Vinte anos depois de sua estreia, a série icônica retorna em um programa especial no Disney+, trazendo nostalgia, emoção e bastidores inéditos do fenômeno global.
Duas décadas após conquistar o público com sua peruca loira e a icônica vida dupla, Hannah Montana se prepara para um retorno especial e cheio de significado. A produção ganha uma edição comemorativa que será lançada no dia 24 de março, exatamente na data que marcou sua estreia, reacendendo a memória afetiva de uma geração inteira.

Logo nas primeiras imagens divulgadas, o clima é familiar: risadas em estúdio, trocas de olhares cúmplices e aquela atmosfera leve que transformou a série em um verdadeiro marco cultural. Mas, mais do que um exercício de nostalgia, o especial mergulha profundamente na história por trás do fenômeno, conduzido pela própria Miley Cyrus. Em uma entrevista íntima, a artista revisita com sensibilidade e maturidade a criação da personagem que definiu sua carreira e impactou a cultura pop global.

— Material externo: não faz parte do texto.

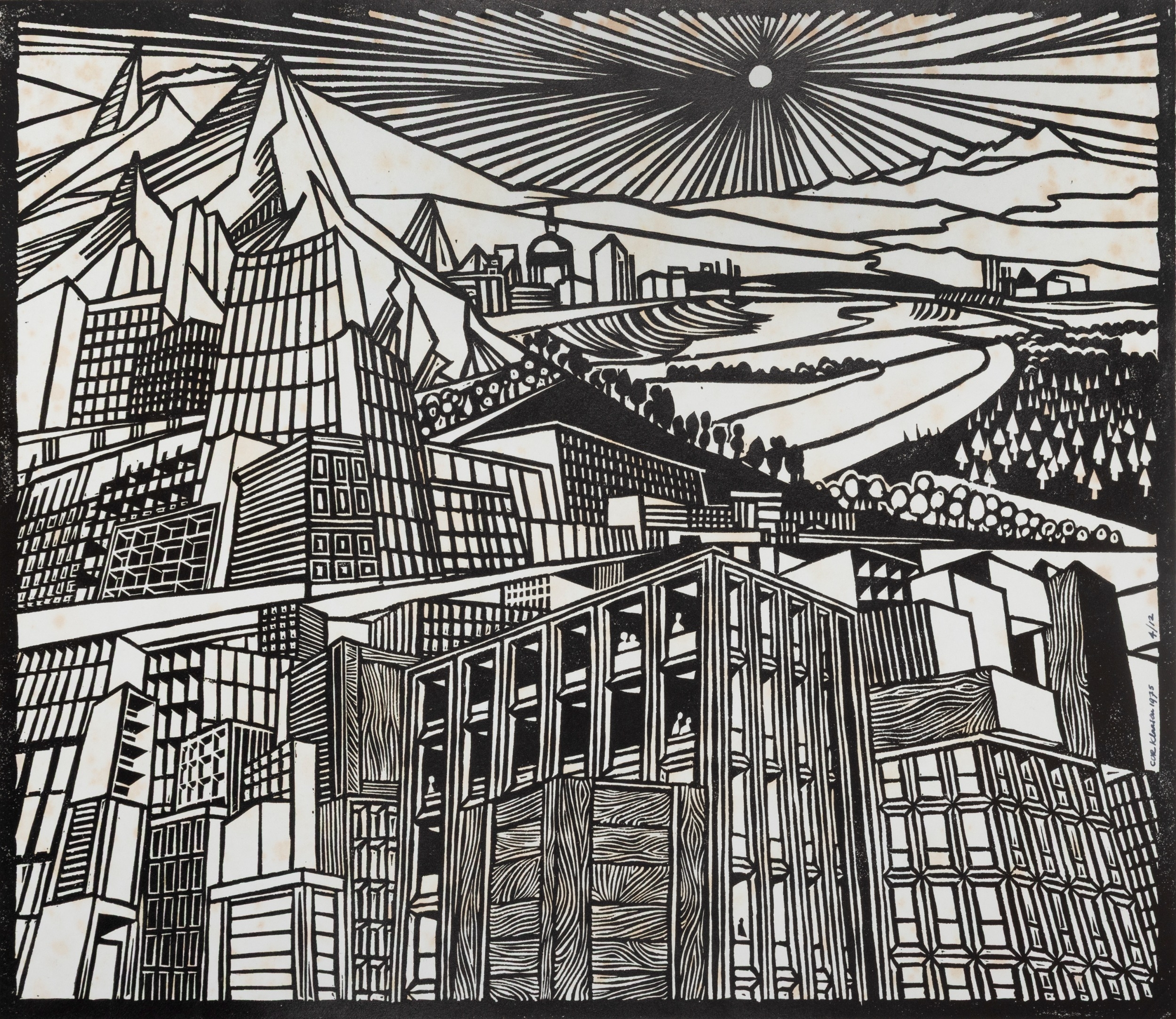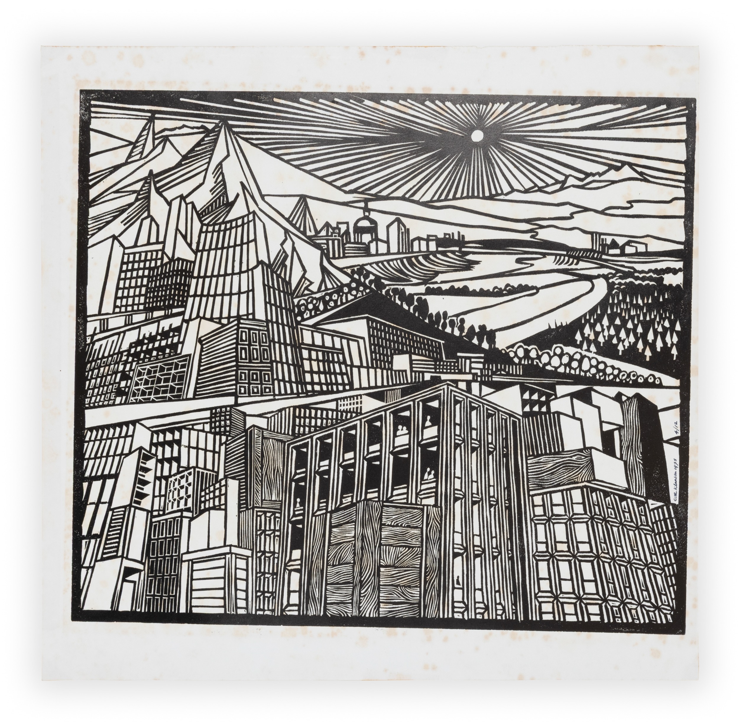 Cor Klaasen (1926-1989) City Woodblock print, 46 x 48cm Signed, dated 1975 and numbered 4/12 Unframed

Gravado diante de uma plateia ao vivo, o programa aposta em uma experiência quase teatral, onde passado e presente se encontram. Cenários emblemáticos — como a sala da família Stewart e o icônico closet de Hannah — foram recriados especialmente para a ocasião, evocando lembranças que permanecem vivas no imaginário coletivo. O especial também traz imagens de arquivo inéditas, revelando bastidores de um sucesso que, à época, ninguém poderia prever.

À frente da condução está Alex Cooper, que guia o público por uma narrativa envolvente entre memórias e novas descobertas. Ao lado de uma equipe de produção experiente, incluindo Tish Cyrus-Purcell e Matt Kaplan, o projeto equilibra emoção e contemporaneidade, mantendo intacta a essência que consagrou a série.

Mesmo após tantos anos, o fenômeno Hannah Montana nunca deixou de existir. Disponível no Disney+, a produção continua a atrair espectadores ao redor do mundo, acumulando mais de meio bilhão de horas assistidas. Um feito que reforça a força de uma narrativa universal sobre juventude, sonhos e a eterna busca por identidade — temas que seguem tão atuais quanto no dia em que tudo começou.